The energy tech company makes ultracapacitors (and other interesting things).

Tesla is buying up Maxwell Technologies. In a deal expected to be finalized in the second quarter of 2019, the California automaker has offered $4.75 per share for the company. That's a healthy 55-percent increase above the energy storage technology company's share price of $3.07 at Friday's market closing. The transaction is said to take the form of a stock swap and received unanimous approval from the Maxwell board. The acquisition is an interesting one. Maxwell is mostly known for its ultracapacitors, which are used by other automakers. Indeed, Volvo's Chinese parent company Geely partnered with the firm to use the energy storage devices in five of its hybrid products. But does that mean Tesla has picked them up for that particular technology? Maybe, but it should be noted that Maxwell, which has a footprint in Germany, South Korea, China, as well as the United States, has other tech that makes it valuable.


Besides making pseudocapacitors, a component that falls between a battery cell and a supercapacitor, it has developed a dry battery electrode with impressive energy storage potential. According to a slide (above) from the company's recent presentation (PDF), the tech has been demonstrated the ability to hold over 300 Wh per kilogram and could possibly go as high as 500 Wh/kg. That's a significant improvement over chemistries in today's top lithium batteries which are in the 250 Wh/kg neighborhood. The cobalt-free formulation could ease the way for Tesla to develop a solid-state battery.

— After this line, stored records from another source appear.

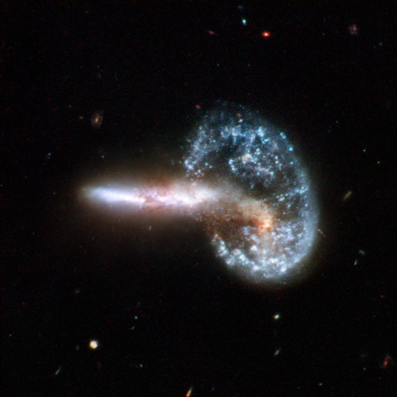 Writes NASA: Arp 148 is the staggering aftermath of an encounter between two galaxies. … The collision between the two parent galaxies produced a shockwave effect that first drew matter into the center and then caused it to propagate outwards in a ring. The elongated companion perpendicular to the ring suggests that Arp 148 is a unique snapshot of an ongoing collision. Arp 148 is nicknamed Mayall's object and is located in the constellation of Ursa Major, the Great Bear, approximately 500 million light-years away. Image: NASA. Public domain.
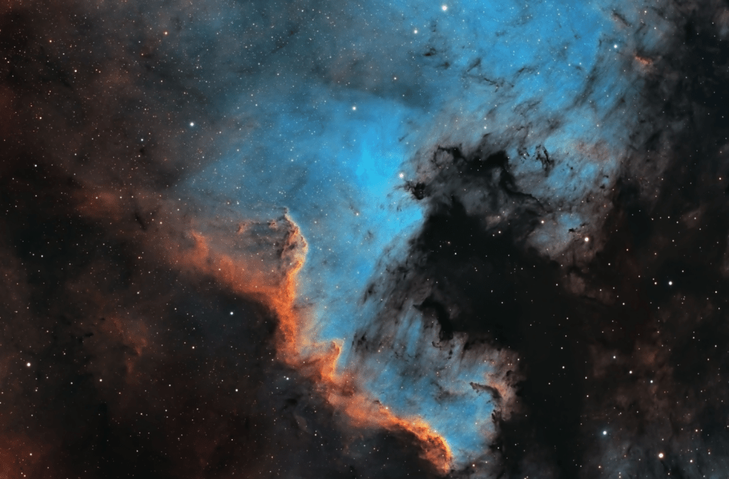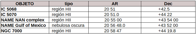 A las nubes densas que se crean en los nidos protoestelares hemos de sumar la nube que se interpone en la línea de visión. Así definía la zona George Horward Herbig en 1958: ‘Las fotografías directas dan la impresión de que NGC 7000 es sólo el fragmento visible más brillante y mayor de una masa mucho mayor de nebulosidad de emisión que se encuentra detrás de un fuerte oscurecimiento del primer plano’ (citando a Morgan, Strömgren y Johnson).
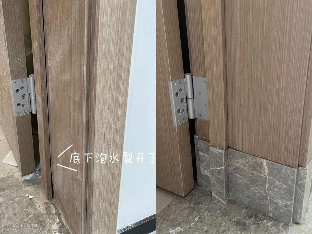 木门再怎么升级它也是木门,遇水遇潮气会变形,严重的情况下甚至会掉漆开裂。
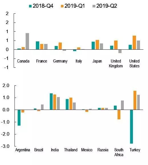 即使忽略最壞的下行風險,報告預(yù)計2019年全球經(jīng)濟增長率也將從2018年的3%降至2.3%。然而,一些大型新興經(jīng)濟體已經(jīng)陷入衰退,一些發(fā)達經(jīng)濟體(包括德國和英國)距離衰退僅一步之遙。

While we think this could be a great deal for the California automaker, the market is less certain. Tesla stock plunged over $11 shortly after opening Monday, but has begun to recover and sits at $308.50 (−3.71 (1.19%)) as of this writing (it seems now the bounce in share price is related to news that Electrify America is buying 100 examples of the Tesla Powerpack). For its part, Maxwell Technologies is up to $4.58 +1.52 (49.35%). Check out the press release from Maxwell Technologies below for more of the financial details.


Maxwell Technologies Announces Definitive Merger Agreement with Tesla, Inc.

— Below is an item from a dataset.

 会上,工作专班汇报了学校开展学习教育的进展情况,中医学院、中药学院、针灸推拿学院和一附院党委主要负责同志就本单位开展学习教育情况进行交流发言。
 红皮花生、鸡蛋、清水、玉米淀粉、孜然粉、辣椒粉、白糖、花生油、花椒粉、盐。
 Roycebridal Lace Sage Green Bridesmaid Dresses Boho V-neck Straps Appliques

Maxwell shares valued at $4.75 in upcoming exchange offer

SAN DIEGO, Feb. 4, 2019 /PRNewswire/ -- Maxwell Technologies, Inc. (Nasdaq: MXWL or the "Company" or "Maxwell"), a leading developer and manufacturer of energy solutions, today announced it has entered into a definitive agreement (the "Merger Agreement") to be acquired by Tesla, Inc. (Nasdaq: TSLA or "Tesla"). Tesla will commence an all stock exchange offer for all the issued and outstanding shares of the Company (the "Offer"), after which the Company will be merged with a Tesla subsidiary and become a wholly owned subsidiary of Tesla.

The Offer will value each share of Maxwell common stock at $4.75 per share. Pursuant to the Offer, each share of Maxwell common stock will be exchanged for a fraction of a share of Tesla's common stock, equal to the quotient obtained by dividing $4.75 by a volume weighted average price of one share of Tesla's common stock as reported on the NASDAQ Global Select Market for the five consecutive trading days preceding the expiration of the Offer, and which is subject to a floor that has been set at 80% of a volume weighted average price of Tesla common stock calculated prior to signing.

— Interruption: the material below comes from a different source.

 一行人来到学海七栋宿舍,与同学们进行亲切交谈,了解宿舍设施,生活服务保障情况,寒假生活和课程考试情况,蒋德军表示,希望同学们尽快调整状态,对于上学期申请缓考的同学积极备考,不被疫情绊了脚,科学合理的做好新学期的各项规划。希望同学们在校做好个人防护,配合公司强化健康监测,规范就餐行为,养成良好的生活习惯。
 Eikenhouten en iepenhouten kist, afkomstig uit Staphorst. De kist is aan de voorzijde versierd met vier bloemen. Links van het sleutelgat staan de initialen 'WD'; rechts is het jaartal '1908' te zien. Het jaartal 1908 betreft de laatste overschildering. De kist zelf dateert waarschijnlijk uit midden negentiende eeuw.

The closing of the transaction is subject to the successful tender and exchange of shares, certain regulatory approvals and customary closing conditions. These terms, along with additional terms and conditions of the transaction, can be found in the Company's Form 8-K filed on February 4, 2019 with the Securities and Exchange Commission and in the Merger Agreement, which is filed as an exhibit to the Company's Form 8-K.

While there can be no assurances on the closing date, the Company anticipates that the merger will be consummated in the second quarter of 2019, or shortly thereafter, should all conditions be met and subject to the timing of the aforementioned approvals.

The Merger Agreement and the consummation of the Offer, merger and other transactions contemplated in the Merger Agreement have been unanimously approved by Maxwell's board of directors, all of whom recommend to the Company's stockholders that they accept the Offer and tender their Maxwell shares pursuant to the Offer. The directors and certain officers of Maxwell and I2BF Energy Limited have agreed to tender all of their Maxwell shares in the Offer, which in the aggregate represent approximately 7.56% of the outstanding shares of Maxwell common stock.

"We are very excited with today's announcement that Tesla has agreed to acquire Maxwell. Tesla is a well-respected and world-class innovator that shares a common goal of building a more sustainable future," said Dr. Franz Fink, President and Chief Executive Officer of Maxwell. "We believe this transaction is in the best interests of Maxwell stockholders and offers investors the opportunity to participate in Tesla's mission of accelerating the advent of sustainable transport and energy."

DLA Piper, LLP (US) represented Maxwell as outside legal counsel, and Barclays Capital Inc. served as independent advisor to Maxwell in connection with the transaction. Wilson Sonsini Goodrich & Rosati represented Tesla as outside legal counsel.